Die Oberstufe war für die Eltern eigentlich am entspanntesten. Die Feststellung treffen Simone Börger und Petra Huwer als Sprecherinnen der Eltern. Mit einem Augenzwinkern lassen sie die Schulzeit am HAG aus ihrer Sicht Revue passieren und ziehen eine positive Bilanz: „Eltern und Lehrer haben versucht, Leitplanken zu bauen. Das ist wohl gelungen.“

Woran Till Kauschke und Niklas Timmermann bei ihrer als Moderation angelegten Rede für die Abiturienten keinen Zweifel lassen.

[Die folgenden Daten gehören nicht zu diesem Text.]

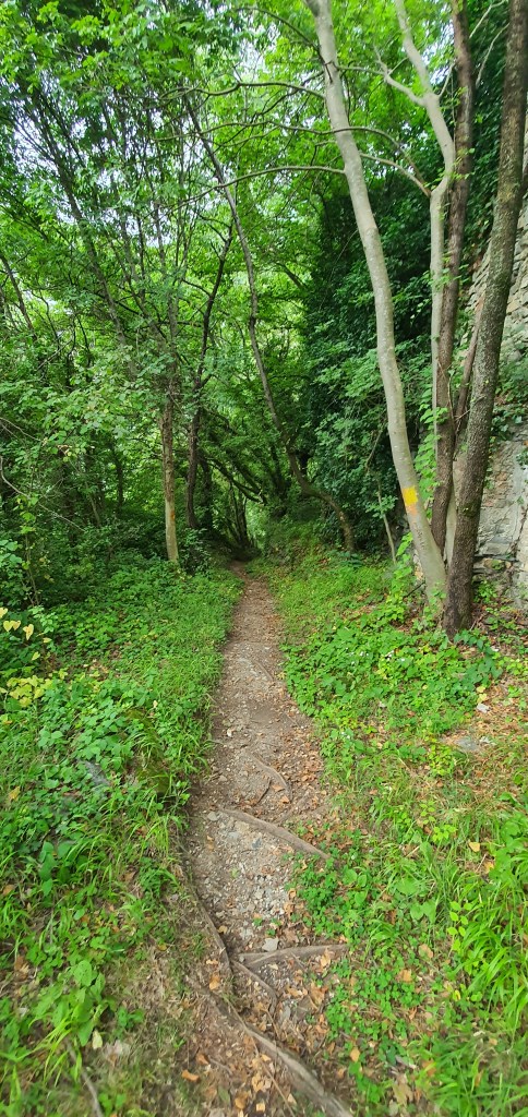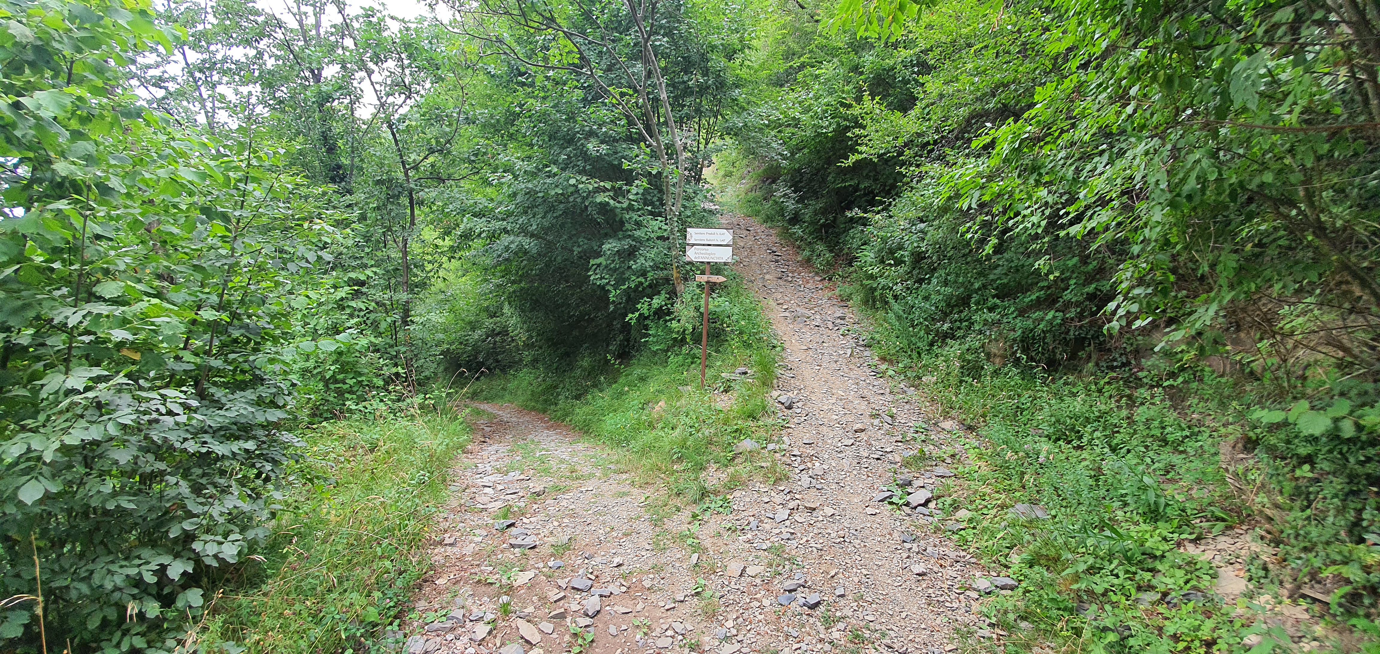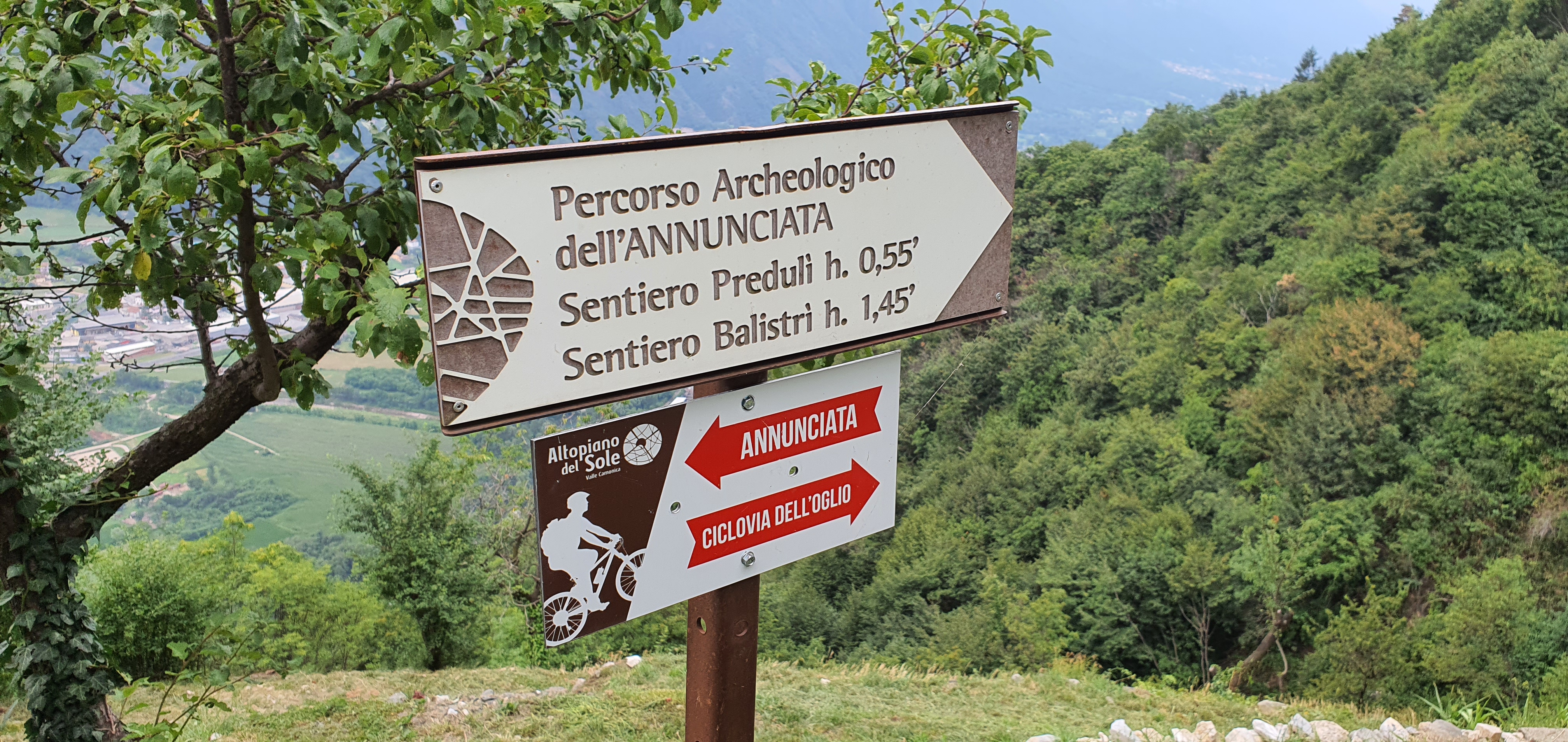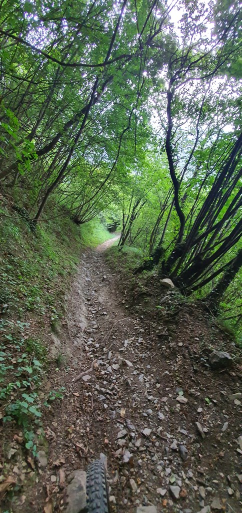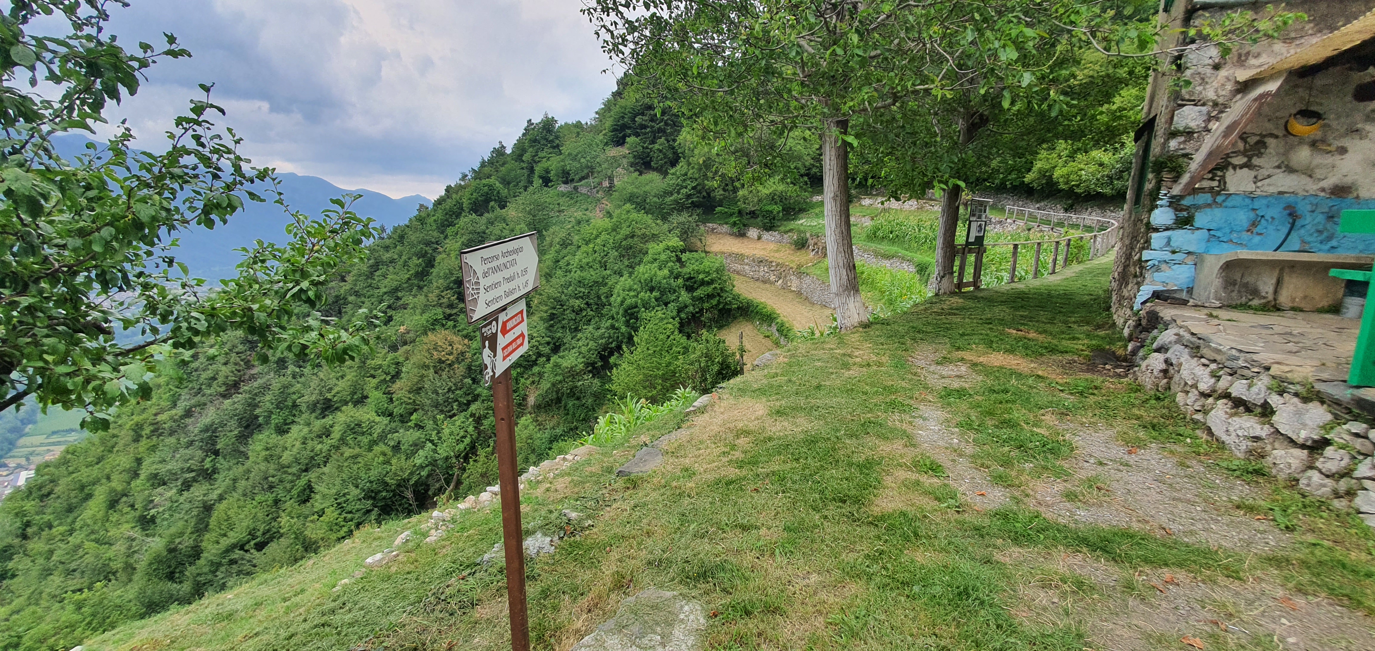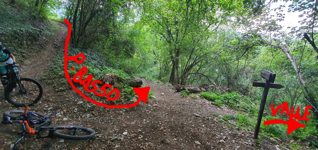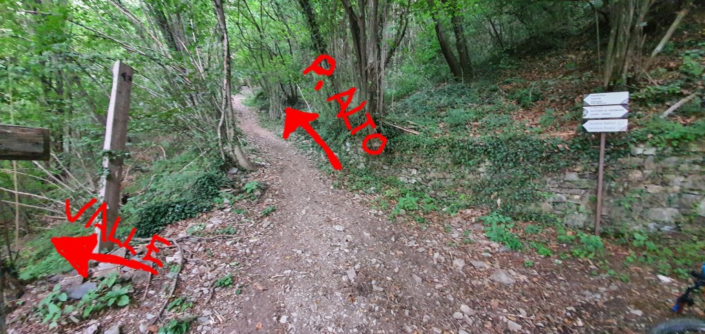 Inizialmente il trail sarà molto largo (•3) , quasi una mulattiera , e non ci si potrà sbagliare , essendo spesso segnalato da cartelli che ne indicano la direzione . Troveremo anche diversi tavoli da pic-nic e dei cartelloni informativi sulla fauna e la vegetazione locale , (•4) a fianco del sentiero . NB (i cartelli indicheranno spesso la ciclovia dell’oglio ed il percorso archeologico dell’annunciata (•5) . Incontreremo anche un bivio che scende a sinistra e che si ricongiungerà con la strada dell’annunciata sottostante , ma non prendendetelo in quando poi diventerà piuttosto impedalabile . Più avanti Incontreremo il primo bivio importante sulla destra (•6) , ma noi andremo a sinistra , perchè Salendo verso destra andremo a percorrere il PREDULÌ ALTO , che aggiungeremo in questa pagina come variante del percorso molto più impegnativa . entrambi si ricollegheranno verso la fine).

Witzig, pointiert, aber auch mit einen klaren Blick auf alle Dinge rufen sie viele Episoden aus den Jahren am Gymnasium in Erinnerung. „Mehr Wert als das Papier, also Abi-Zeugnis, ist die Zeit, die wir miteinander verbracht haben“, stellen sie für die Jahrgangsstufe fest.

Julia Schröder und Jan-Bernd Brewing, die Jahrgangsstufenleiter, nehmen vor der Zeugnisausgabe Bezug auf die Fußball-WM: „Ihr habt nach acht Jahren hartem Trainingslager in der Kaderschmiede HAG gleich die Pokale in der Hand.“ Dass der Termin Donnerstag wegen der WM gewählt worden war – spielt an diesem Abend genauso wenig eine Rolle wie sie die deutsche Mannschaft gespielt hat.